Trustpilot is a goldmine of customer sentiment, but it doesn't give you a built-in way to download your reviews in bulk. If you want to do anything meaningful with that data outside of scrolling through their dashboard, you need to pull the data yourself.

Extracting your reviews directly into a spreadsheet unlocks several high-value workflows:

  • AI Sentiment Analysis: Feeding hundreds of reviews into an LLM to automatically categorize the most common complaints, feature requests, or points of praise.
  • Competitor Benchmarking: Pulling a rival's reviews to identify gaps in their service that you can capitalize on in your marketing.
  • CRM Integration: Organizing review data to cross-reference with your customer support tickets or CRM records.
  • Marketing Collateral: Easily sorting by 5-star ratings to find the perfect quotes for landing pages, ad copy, or social media posts.
  • Offline Backups: Keeping a historical, owned record of your brand's reputation over time.
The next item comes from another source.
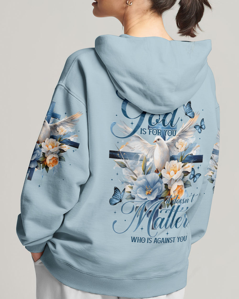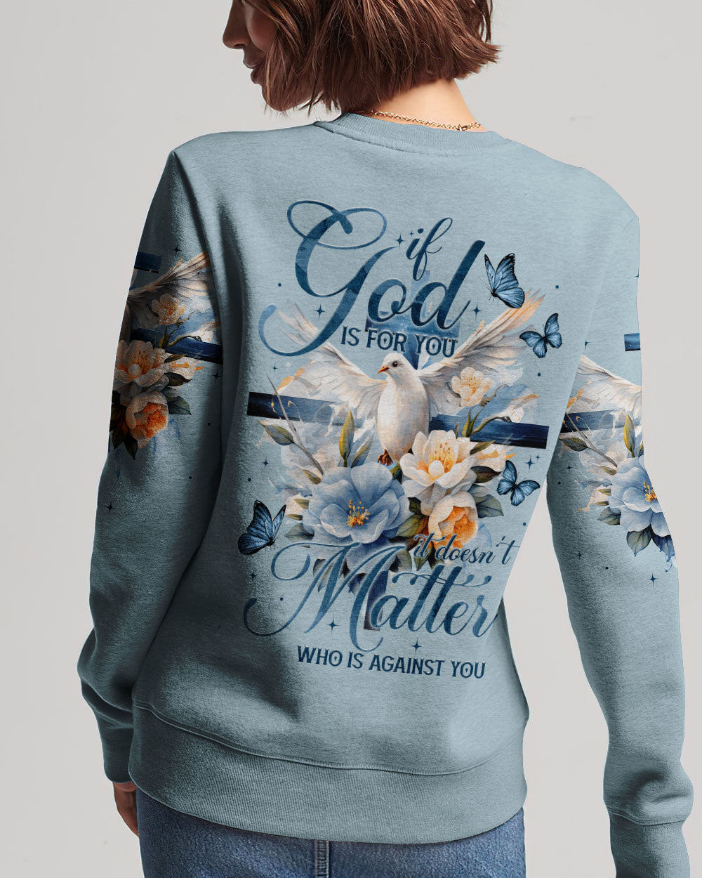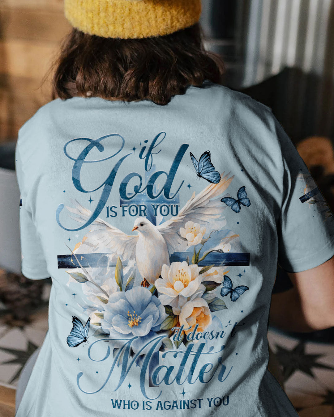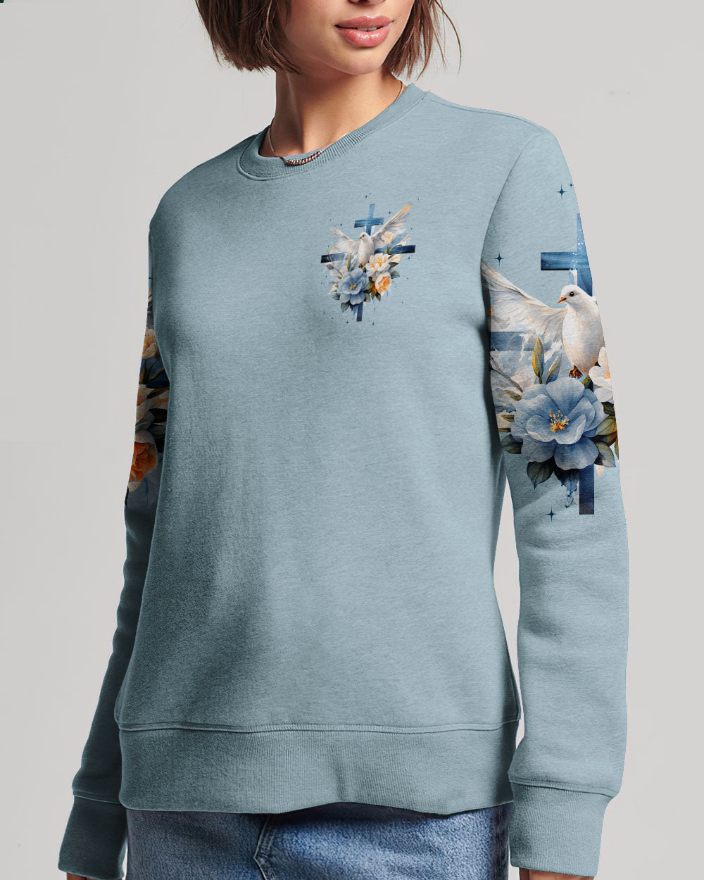 Show off your faith with this stylish, all-over printed shirt. Featuring a beautiful blend of crosses, flowers, and doves, this design is a visual reminder of God's strength and love. With a powerful quote of assurance, it's the perfect way to boldly express your belief in Him.

The problem is that most solutions either require an expensive paid API plan, a developer to build a custom integration, or a general-purpose scraper you have to configure from scratch. For most marketers and founders, a Chrome extension that handles this directly is the fastest path from a Trustpilot page to a clean CSV file.
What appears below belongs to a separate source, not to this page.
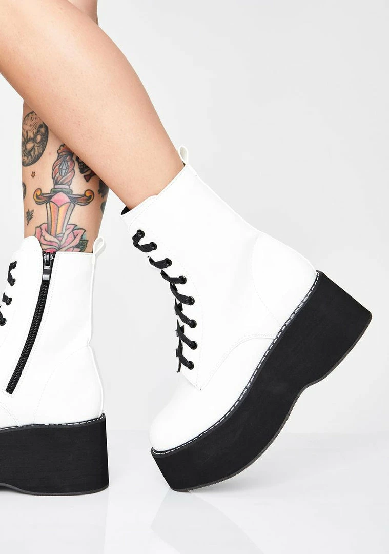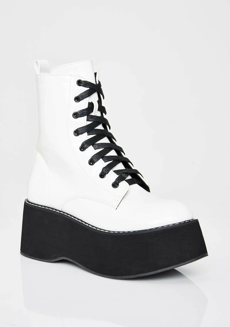 ur a lil neckbreaker in these stompinΓ’ΒΒ temptress boots. Look dope AF in these platform boots that have side zip NΓ’ΒΒ front lace up closures, sikk patent material NΓ’ΒΒ are hella comfy.

Here are the five best options available right now, ranked by how well they actually fit this specific job.


The 5 best tools for exporting Trustpilot reviews

1. OrderBoosts Trustpilot Review Exporter

Best for: instant, free export with no setup or account required

OrderBoosts built this extension specifically for Trustpilot — which is exactly why it ranks first. Navigate to any trustpilot.com/review/... page, click the extension, and your reviews export to CSV or copy to your clipboard in one action. It captures all the vital metadata: review text, star ratings, reviewer names, dates, and direct links.
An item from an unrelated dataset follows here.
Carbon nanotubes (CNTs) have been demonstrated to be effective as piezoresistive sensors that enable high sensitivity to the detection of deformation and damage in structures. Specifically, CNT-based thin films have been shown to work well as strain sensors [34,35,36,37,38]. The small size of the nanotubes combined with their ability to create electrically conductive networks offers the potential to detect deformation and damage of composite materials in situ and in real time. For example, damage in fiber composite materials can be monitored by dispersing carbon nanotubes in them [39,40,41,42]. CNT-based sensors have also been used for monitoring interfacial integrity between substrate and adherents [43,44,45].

The standout detail is how it handles data: everything is processed locally inside your browser. Nothing is sent to an external server. That matters significantly if you're handling client data or conducting sensitive competitive research. There is no account required, no credits to manage, and no hidden free-tier limits.

Pros: Purpose-built for Trustpilot, zero configuration, 100% free, local data processing.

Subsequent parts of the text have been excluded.